The Partlow majority detailed why its narrow holding was not reversing or limiting the court’s Dehn and Doe precedents: the circumstances of those cases were fundamentally different. It emphasized that, in “those cases, the injured person and the defendant had no relationship, or even any contact, whatsoever.” 460 Md. at 661. Also, Dehn and Doe “involved sequential attenuated events where the injured individuals, in addition to having no relationship with the defendant, were not directly exposed to a negligent act.” Id.

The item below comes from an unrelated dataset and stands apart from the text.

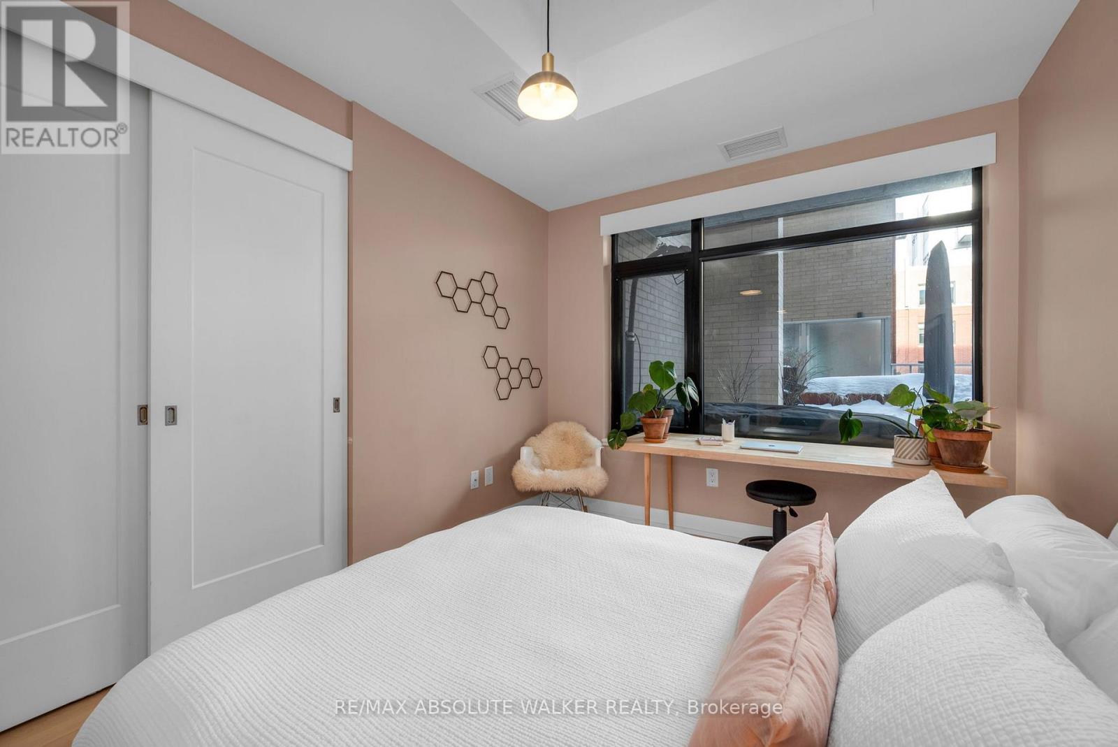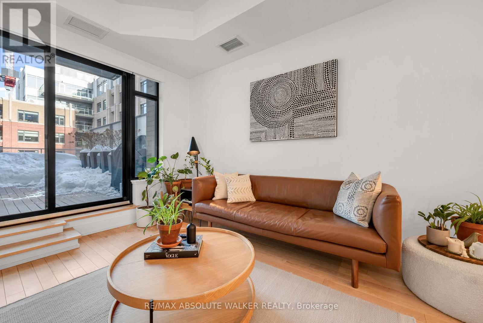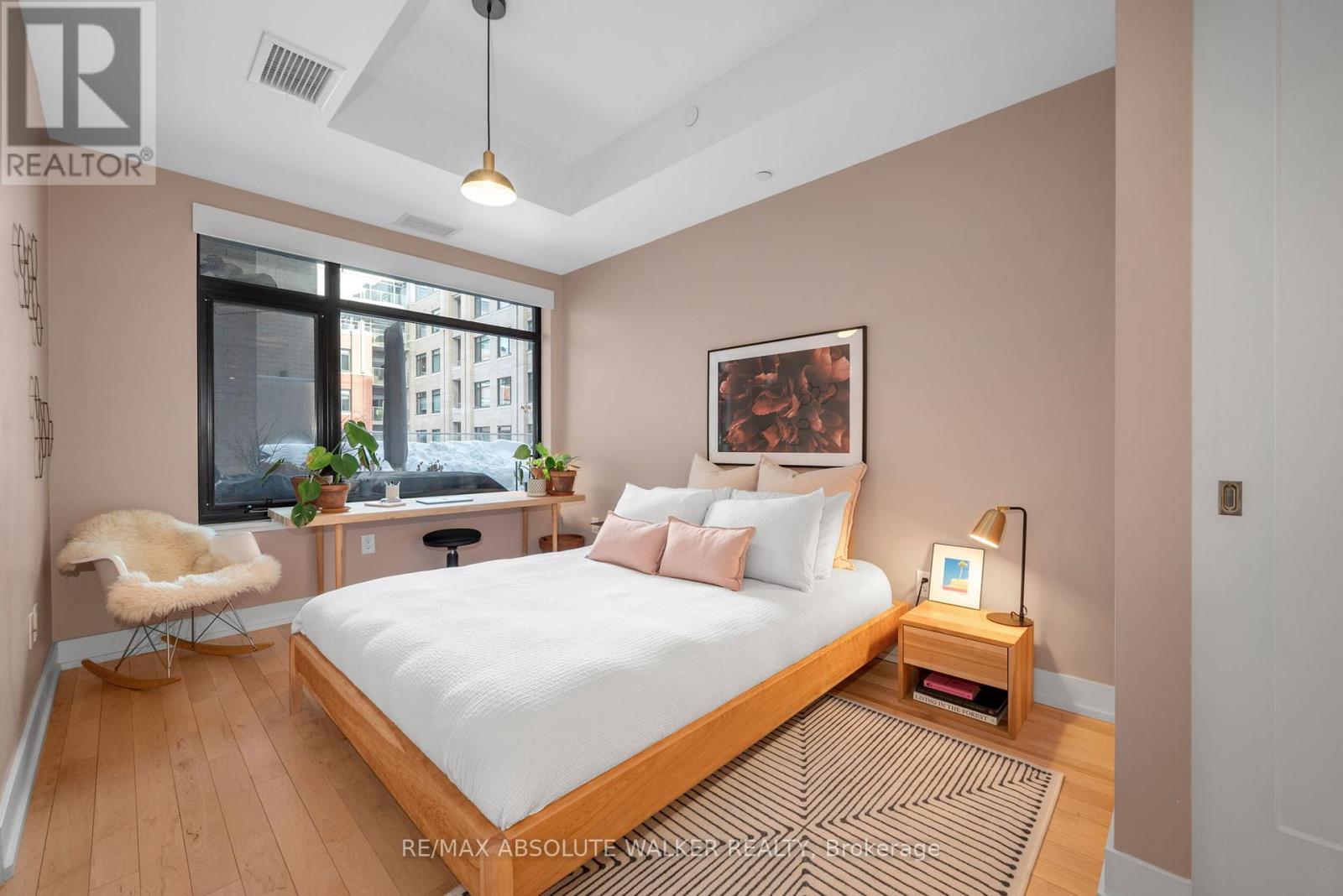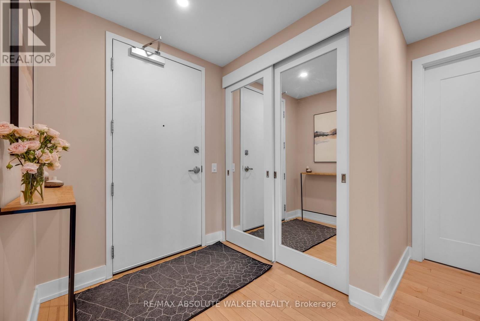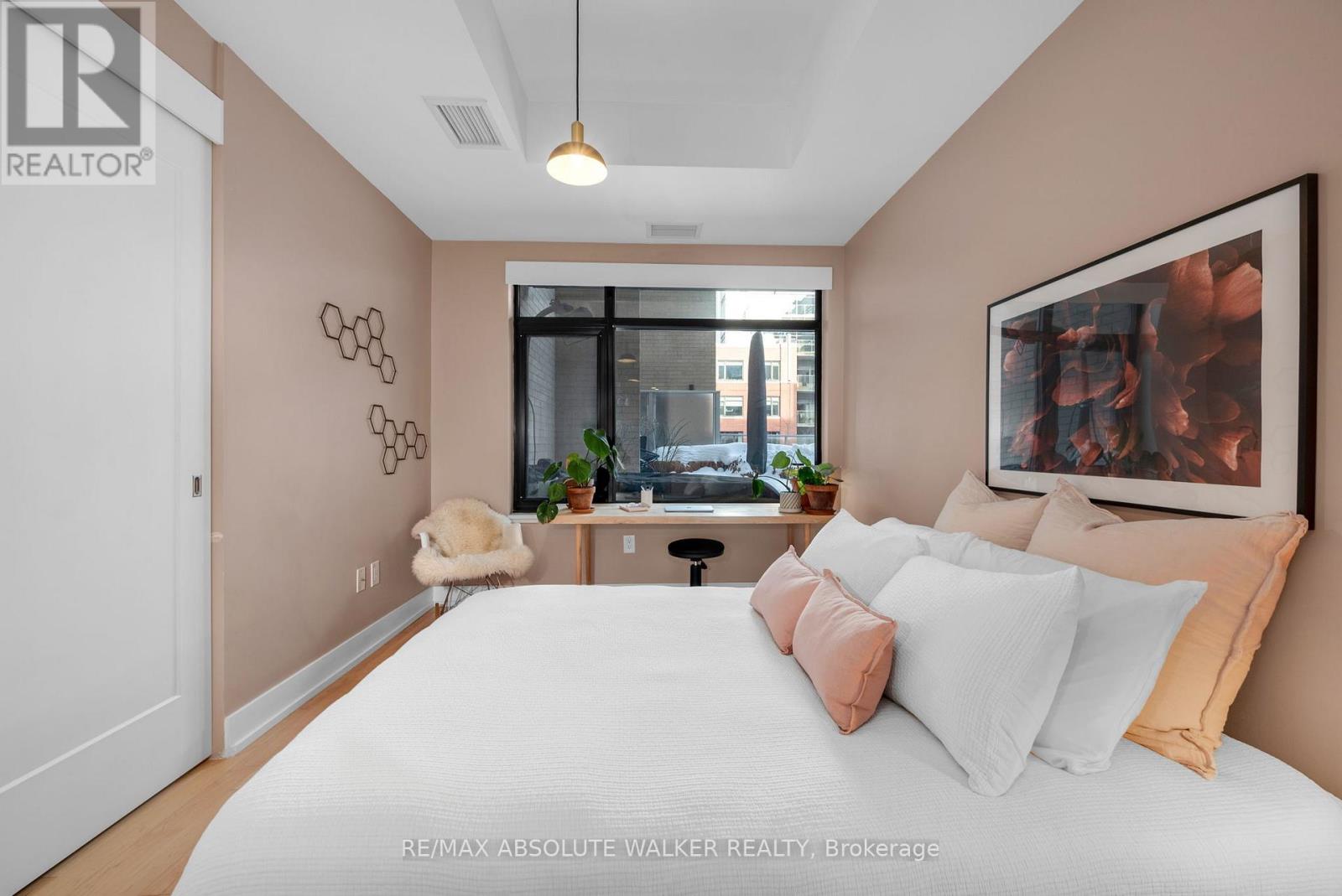 Live where convenience meets contemporary style at The Corners on Main. Built by Domicile, this bright and spacious 850 sq ft Harvey model offers one bedroom, two bathrooms, and thoughtfully curated upgrades throughout. High ceilings and oversized windows flood the space with natural light, while the upgraded kitchen steals the spotlight featuring quartz countertops, a chic herringbone backsplash, premium cabinetry with added storage at the island, and high-end appliances. A custom wine fridge seamlessly integrated into the pantry adds both function and flair. An extraordinary 400 sq ft private terrace is a standout feature, ideal for morning coffee, summer evenings, and entertaining under the stars. Convenience continues with exceptional amenities located on the same floor, including a fully equipped fitness room, stylish party room, guest suite, and a rooftop terrace. Underground parking and a storage locker provide added ease and practicality. All just steps from vibrant cafés, restaurants, green space, and the canal, this is urban living without compromise. Condo fees include building insurance, property management, maintenance, and reserve fund. (id:64974)

The Partlow decision, when distinguishing Dehn and Doe, does not criticize them. The two Dehn and Doe precedents are claims by injured wives where the defendant plainly owes a duty of care to the husband. The pre-Partlow decisions also all involve significant harm. Due to the respective defendants’ purported negligence, the Doe spouse (and her husband) contracted HIV and the Dehn spouse had an unwanted pregnancy. In Adams, the wife died from asbestosis, allegedly caused by the defendant’s negligence. Yet, in none of these cases did the defendant owe a duty of care to the spouse.

Given the assurance from the Partlow majority that it was not disagreeing with these prior decisions, the Partlow decision appears to be sui generis. Despite finding a duty of care to a non-participating sibling of a participant in a medical study, the decision does not appear indicative of a significant shift in Maryland tort law on the scope of a defendant’s duty of care.

[i] For years, I have performed legal work for various Johns Hopkins entities, and The Johns Hopkins Hospital is a current client. I did not work on any stage of the Partlow case. The opinions in this article are exclusively my own and do not reflect the views of my firm or any Johns Hopkins entity.

[ii] 90 Md. App. 1, 599 A.2d 1193 (1992).

[iii] 111 Md. App. 511, 682 A.2d 1177 (1996).

This article is republished with permission from Maryland Appellate Blog, the blog of the MSBA Litigation Section.